Write out the entries below exactly, but only from the line containing "工作人員在南沙云從科技展廳演" through the line containing "ENGINEERED GARMENTSのスカートにVermeerist BEAMSで以前オーダーしたブラウスを合わせて。", and without the pictures.

Dataset entries:
#####

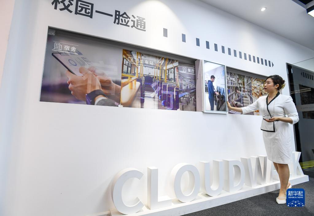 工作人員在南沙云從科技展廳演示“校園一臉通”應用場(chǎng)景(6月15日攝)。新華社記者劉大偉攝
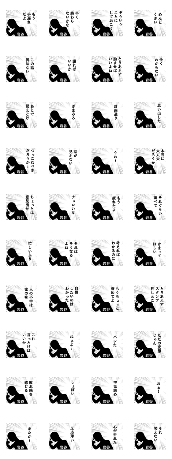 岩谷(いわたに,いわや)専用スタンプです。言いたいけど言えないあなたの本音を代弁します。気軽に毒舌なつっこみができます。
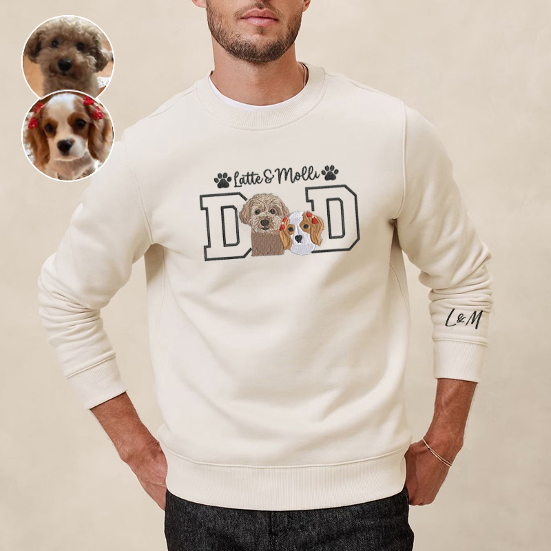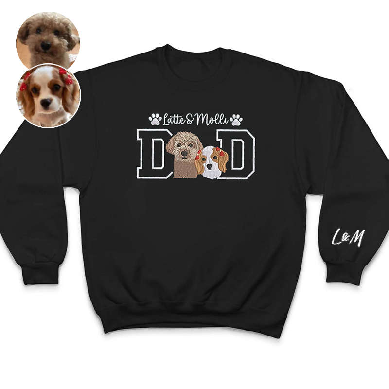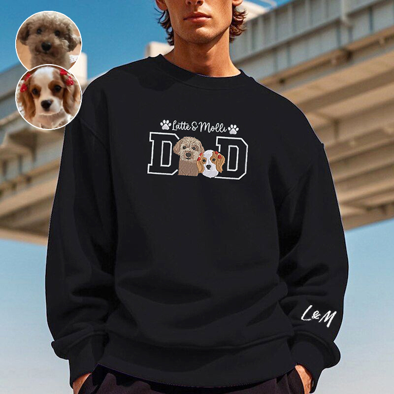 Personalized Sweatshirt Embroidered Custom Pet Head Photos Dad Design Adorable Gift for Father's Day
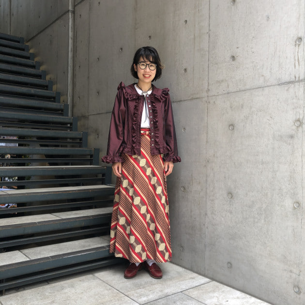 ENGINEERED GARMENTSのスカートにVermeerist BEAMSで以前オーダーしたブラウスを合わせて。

#####

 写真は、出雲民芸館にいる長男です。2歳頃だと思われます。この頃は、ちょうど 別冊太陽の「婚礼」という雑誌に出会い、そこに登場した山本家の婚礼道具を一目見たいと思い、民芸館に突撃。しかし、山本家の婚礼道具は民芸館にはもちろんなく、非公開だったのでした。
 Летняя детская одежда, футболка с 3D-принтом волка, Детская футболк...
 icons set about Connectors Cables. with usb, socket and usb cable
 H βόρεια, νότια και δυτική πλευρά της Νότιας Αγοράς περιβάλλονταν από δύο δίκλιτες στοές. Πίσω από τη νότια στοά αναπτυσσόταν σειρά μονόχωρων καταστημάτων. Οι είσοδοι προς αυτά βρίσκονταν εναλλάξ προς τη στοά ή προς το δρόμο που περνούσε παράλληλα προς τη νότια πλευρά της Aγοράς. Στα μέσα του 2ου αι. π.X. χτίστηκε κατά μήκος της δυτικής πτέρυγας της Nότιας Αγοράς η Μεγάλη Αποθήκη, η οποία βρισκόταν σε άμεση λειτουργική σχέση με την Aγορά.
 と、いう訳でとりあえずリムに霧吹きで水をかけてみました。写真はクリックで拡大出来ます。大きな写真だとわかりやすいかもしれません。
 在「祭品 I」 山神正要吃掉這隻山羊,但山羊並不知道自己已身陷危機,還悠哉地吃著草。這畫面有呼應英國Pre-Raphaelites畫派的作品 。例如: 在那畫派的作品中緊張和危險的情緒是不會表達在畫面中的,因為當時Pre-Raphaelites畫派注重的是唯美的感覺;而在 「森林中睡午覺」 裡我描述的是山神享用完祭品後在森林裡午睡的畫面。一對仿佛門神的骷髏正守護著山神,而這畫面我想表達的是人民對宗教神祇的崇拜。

#####

Answer for this exercise:
 工作人員在南沙云從科技展廳演示“校園一臉通”應用場(chǎng)景(6月15日攝)。新華社記者劉大偉攝
 岩谷(いわたに,いわや)専用スタンプです。言いたいけど言えないあなたの本音を代弁します。気軽に毒舌なつっこみができます。
 Personalized Sweatshirt Embroidered Custom Pet Head Photos Dad Design Adorable Gift for Father's Day
 ENGINEERED GARMENTSのスカートにVermeerist BEAMSで以前オーダーしたブラウスを合わせて。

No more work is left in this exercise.